All methods for dereplication selected at least one genome representative for each individual Enterococcus species in GTDB. One of the key differences between the four methods was the number of representative genomes selected for the two most highly sequenced species in the genus, E. faecium and E. faecalis. Therefore, we further investigated the coverage of the E. faecalis pangenome by representative genomes selected using skDER in comparison to those selected by dRep and galah. Panaroo19 was used to group genes into ortholog groups for all genomes regarded as belonging to E. faecalis by GTDB. Importantly, Prokka20 was used for gene calling and predicted coding sequences on the edge of scaffolds were disregarded to avoid overinflating the pangenome with partial CDS features due to assembly fragmentation21. Of the total 1,902 E. faecalis genomes considered, dRep and galah had selected a similar number of representatives, 101 and 99, respectively. These representative genomes featured approximately 60.5% to 61.8% of the total number of distinct genes in the E. faecalis pangenome. The dynamic dereplication approach within skDER achieved a similar level of pangenome coverage, finding 10,263 (57.6%) of 17,829 distinct genes, but through selection of only 66 representative genomes. This concise selection approach thus makes it well-suited for metagenomic applications through avoiding over-selection of multiple reference genomes for the same strain. In contrast, the greedy approach in skDER with default parameters led to the greatest number of distinct representative genomes being selected, 205, however achieved the best recovery of the full known E. faecalis pangenome, featuring 81.6% of the total distinct genes. This showcases the greedy dereplication approach’s benefit for simplifying comparative genomics analyses through reducing the number of genomes needed to adequately sample the taxa-wide pangenome.

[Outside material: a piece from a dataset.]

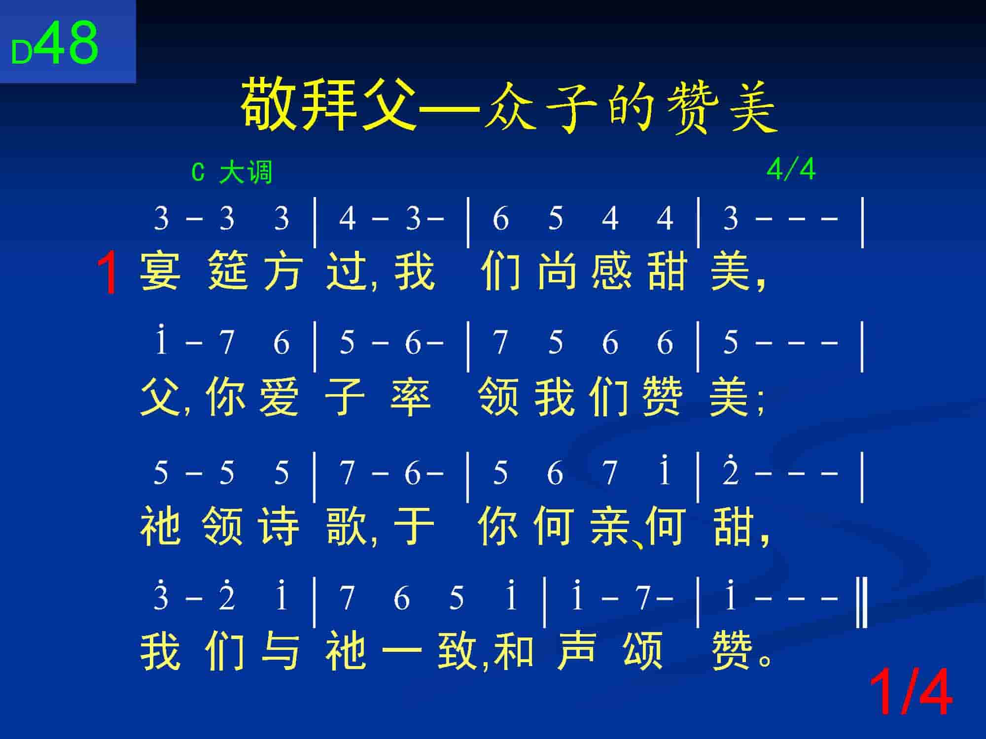 宴筵方过,我们尚感甜美,父,你爱子率领我们赞美;祂领诗歌,于你何亲、何甜,我们与祂一致,和声颂赞。
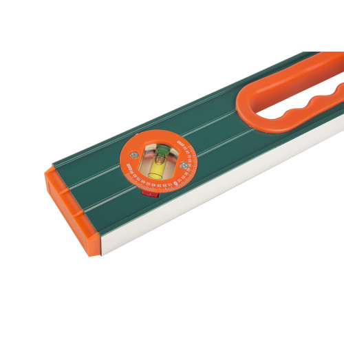 Sturm 2015-02-800 – алюминиевый уровень с фрезерованной поверхностью. Оснащен двумя основными глазками для выравнивания поверхности и одним поворотным. Для удобства имеются 2 ручки.

Limitations and future directions
Notably, bacterial genomes often feature mobile genetic elements (MGEs), such as plasmids and temperate phages, that might be appropriate to disregard during dereplication for certain research objectives. Therefore, in the future, we plan to incorporate an option to use established tools for prediction of such MGEs22–25 and mask them prior to dereplication. In addition, contamination is currently not considered, which might be particularly problematic for metagenomic assembled genomes (MAGs). We do not plan to account for contamination directly, but do recommend users assess genome contamination using tools such as CheckM26 or charcoal27 and remove genomes or individual contigs deemed as contaminated from consideration prior to running skDER.
Acknowledgments
This work was supported by grants from the National Institutes of Health awarded to L.R.K (NIAID U19AI142720 and NIGMS R35GM137828). The content is solely the responsibility of the authors and does not necessarily represent the official views of the National Institutes of Health. We thank Dr. C. Titus Brown, Dr. N. Tessa Pierce-Ward, and Dr. Karthik Anantharaman for helpful discussions on the development of skDER.
References
- 1.Shaw J. & Yu Y. W. Fast and robust metagenomic sequence comparison through sparse chaining with skani. bioRxiv 2023.01.18.524587 (2023) doi: 10.1101/2023.01.18.524587. [DOI] [PMC free article] [PubMed] [Google Scholar]
- 2.Parks D. H. et al. A complete domain-to-species taxonomy for Bacteria and Archaea. Nat. Biotechnol. 38, 1079–1086 (2020). [DOI] [PubMed] [Google Scholar]
- 3.Parks D. H. et al. GTDB: an ongoing census of bacterial and archaeal diversity through a phylogenetically consistent, rank normalized and complete genome-based taxonomy. Nucleic Acids Res. (2021) doi: 10.1093/nar/gkab776. [DOI] [PMC free article] [PubMed] [Google Scholar]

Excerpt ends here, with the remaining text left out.